Thursday 25 June 2020

An Accident - Or Something More Sinister?

I checked the bees on Saturday, and everything in the nucleus (Ottoline's bees) was fine.  All good in June's hive (#2) as well.

Things in Katherine's hive also looked fine - at least, at first.  There were recently-laid eggs, as well as capped and un-capped brood.  A few frames in, and I found an open queen cell, which I removed.  On the next frame were four more.  I tackled the first three, removing the small larvae and cutting out the structure of the cells to discourage the bees from re-using them.

When I got to the 4th queen cell, I noticed something odd.  Instead of the end being completely open, there was a dark shape just poking through the entrance.  At first, I thought this would be a worker bee, depositing royal jelly in the cell for the larval queen to feed on.  But, oddly, it didn't seem to be moving.  Also, it didn't look like the end of a worker bee - it didn't seem stripy enough, and it was too pointy.  I carefully cut away at the sides of the queen cell, and was amazed to pull out this:


Yep - that's Queen Katherine - dead, after being stuck head-first in a queen cell.  This is a picture showing where it was located on the frame (you can clearly see it in the corner, towards the lower part of the photo):


And here's a closer look (you can even still see specks of green paint that have rubbed off from her thorax):


This is really remarkable - it's the first time I've found a dead queen inside a hive (though I have previously seen a dead queen outside, after she was dumped there by her workers).  And the really weird thing is, it seemed from the shape of the cell - the entrance of which seemed too narrow for her to squeeze into - that the workers were sealing her in, from the outside.  This is genuinely odd - I've never seen or heard of bees behaving like this before.

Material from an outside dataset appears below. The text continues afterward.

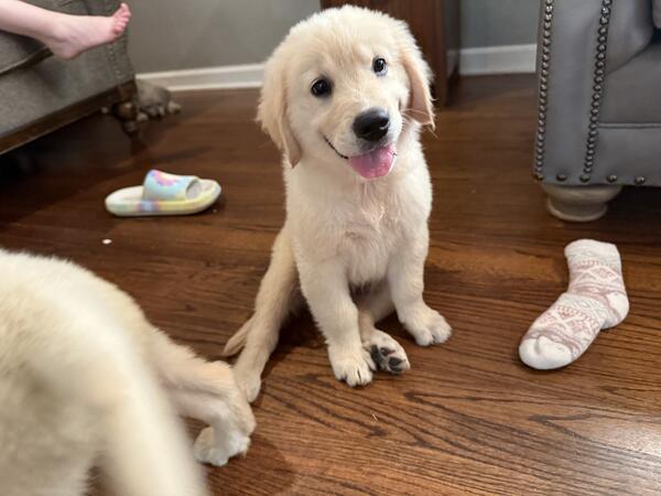 message mtthw566 about this ad AKC Golden Retrievers angels in fur costumes! These little ladies are 11 weeks old, up to date on vaccines and ready to go home! Dad is health and hip tested light golden and mom is English Cream with health-tested parents. Come meet your golden girl in Vidalia/Ailey Georgia. |

So, what had happened?  Well, there are two possibilities:
  1. She'd for some reason crawled into the queen cell head-first, and got stuck
  2. The workers chased her into the cell, and killed her
Looking at option [1], it's not by any means impossible.  But it is unlikely.  A queen will always enter a queen cell abdomen-first, as she has only one business being there - to lay an egg.  She has no reason to go in head-first if the cell is empty.  And if there is already a larva in there, with royal jelly, then there's no point going in head-first either (she can't feed the larva - that's strictly a worker bee job - and she can't eat the royal jelly, as she has to be fed mouth-to-mouth by the workers).  But maybe it was a freak accident?

Or maybe not.  After all, she had laid eggs within the last day or so (I know - I saw them).  So why was she dead?  She could, perhaps, have got stuck and died - but I'm not sure there would have been enough time for her to have starved to death.  Maybe, then, she had been stung to death by the workers, who for some reason had decided to replace her.  If you look at the photo of her (click on it to see it in higher-resolution) you'll notice her wings have been damaged.  Now, that might have happened when I was getting her out of the cell.  But I suspect they may have been bitten by the workers when they attacked her.

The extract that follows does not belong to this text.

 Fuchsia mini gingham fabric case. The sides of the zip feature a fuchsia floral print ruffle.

Like inside a beehive is pretty brutal - if the workers decide the queen is not meeting their high standards, then they will cheerfully kill her off and replace her with one of their sisters.  I've had this happen a couple of times before - it's just a part of beekeeping life that you get used to.  But never before have I found the queen's body still inside the hive.  I've been keeping bees for 10 years now, and yet every season they still manage to surprise me!

In case you're wondering how the bees will cope without a queen - don't worry.  Right now, they will be making new queen cells (from the eggs I saw), and I will have a look in the hive tomorrow to see how they are getting on with raising Katherine's replacement.

1 comment:

  1. Science, drama, action and now a murder mystery - this blog has it all!